CODEWITHSUNDEEP
javascriptjquerydomjquery-selectors
Dave
Dave

Reputation: 17

children().length is returning an unexpected value

Everything can be found here: http://jsfiddle.net/dweiliu/NBFMq/3/

This is the relevant code in question:

$('article.weeklyStandings').each(function(){
   var numPlayers = $(this).children('table tr').length;
   $(this).children('h2').append(" - " + numPlayers + " Players");
});

I have potentially multiple tables of data with results as displayed in the jsfiddle. I want to point out the number of players who played on any given week by looking up the number of rows in the table.
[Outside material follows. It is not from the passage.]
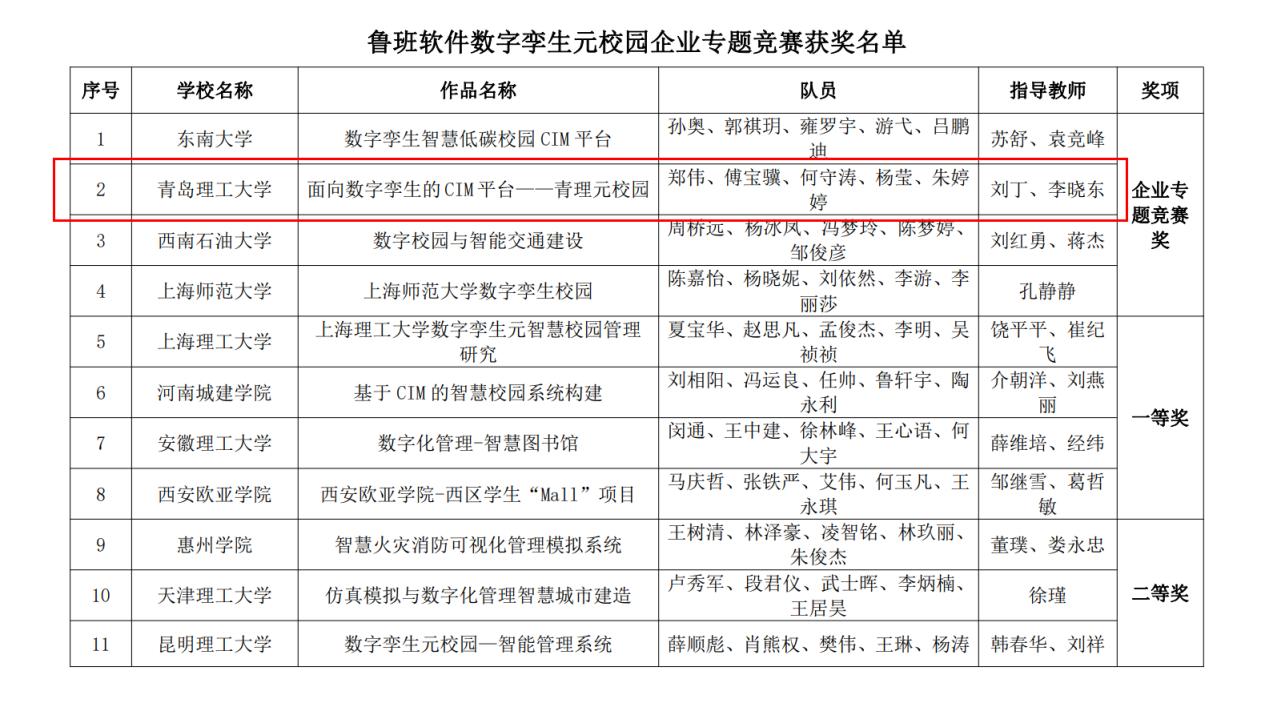 总决赛共分为5个云答辩室同时进行。其中,鲁班软件数字孪生元校园企业专题竞赛共41支队伍参加,经过校级初赛、全国复赛,选出来自全国16所院校的参赛团队进行总决赛的角逐,最终评选出企业专题竞赛单项奖4项作品、一等奖4项作品、二等奖8项作品、三等奖12项作品、优秀奖13项作品。我校管理工程学院刘丁老师、土木工程学院李晓东老师共同指导的参赛作品《面向数字孪生的CIM平台——青理元校园》收到评审专家的一致认可,获得企业专题竞赛奖。该作品搭建了校园信息模型(CIM)平台,运用无人机倾斜摄影建立GIS模型,Revit搭建校内建筑BIM模型,将校园基础地理信息、建筑信息模型和其他三维模型汇集、转换、轻量化处理、多场景融合及可视化表达,团队致力于将数据还原于场景,使场景赋予数据真实意义,以助力未来数字孪生智慧校园的发展。
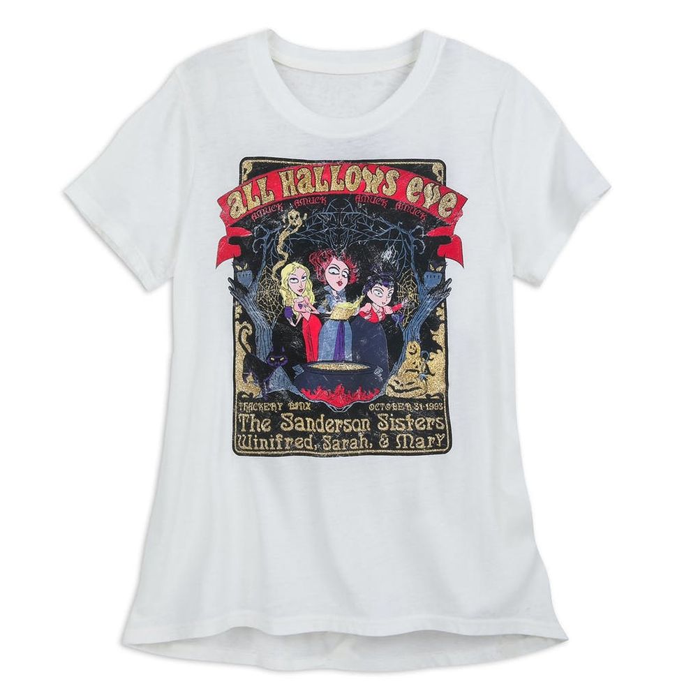 The eight-piece collection features a Hocus Pocus women’s tee ($27), a spirit jersey, various tanks and tees, a pin set, a mug, and even a journal to write down all your spells, in prices ranging from $15 to $60. It’s available now in the shopDisney online store, so you can celebrate Halloween all summer and fall.

Why is $(this).children('table tr').length; returning 0 on jsfiddle? Note that on my local machine, this same code is returning 3.

Upvotes: 1

Views: 553

Answers (7)

Smern
Smern

Reputation: 19066

The problem you are having is:

  1. children() will only look at direct children. You'll want to use find() which will find all the table tr within each article.
  2. If you count all of the tr's you will have end up with an extra because your heading will also be counted as a player. For this reason you can subtract 1 from the length of tr's.

Solution

Here is an example implementing the above solutions: Demo

var numPlayers = $(this).find('table tr').length -1;

Alternative (the one I would use)

As you have a record class on your player tr's, you could use .record in your selector instead, this will provide better readability and flexibility if you wish to add other rows in the future that should not be counted as a player: Demo

var numPlayers = $(this).find('.record').length;

Another Alternative

You could also use context selectors like $('.record', this) instead of $(this).find('.record'), but in my opinion it's easier to read find() chaining. Also, as context selectors internally have to use find() anyway, using find() directly will perform slightly better: Performance test

Upvotes: 2

j08691
j08691

Reputation: 207901

Change 

var numPlayers = $(this).children('table tr').length;

to

var numPlayers = $(this).find('table tr').length-1;

jsFiddle example

.children() method differs from .find() in that .children() only travels a single level down the DOM tree while .find() can traverse down multiple levels to select descendant elements (grandchildren, etc.) as well

Upvotes: 1

Anton
Anton

Reputation: 32581

Change

var numPlayers = $(this).children('table tr').length;

to 

var numPlayers = $('.record', this).length;

DEMO

Upvotes: 1

Anthony Grist
Anthony Grist

Reputation: 38345

The .children() function only looks at immediate descendants, so those that are one level down in the DOM. What you're saying is "look for a <tr> that's inside a <table> and is also the direct descendant of the <article class="weeklyStandings"> element"; that won't ever be the case because the <table> is between those two.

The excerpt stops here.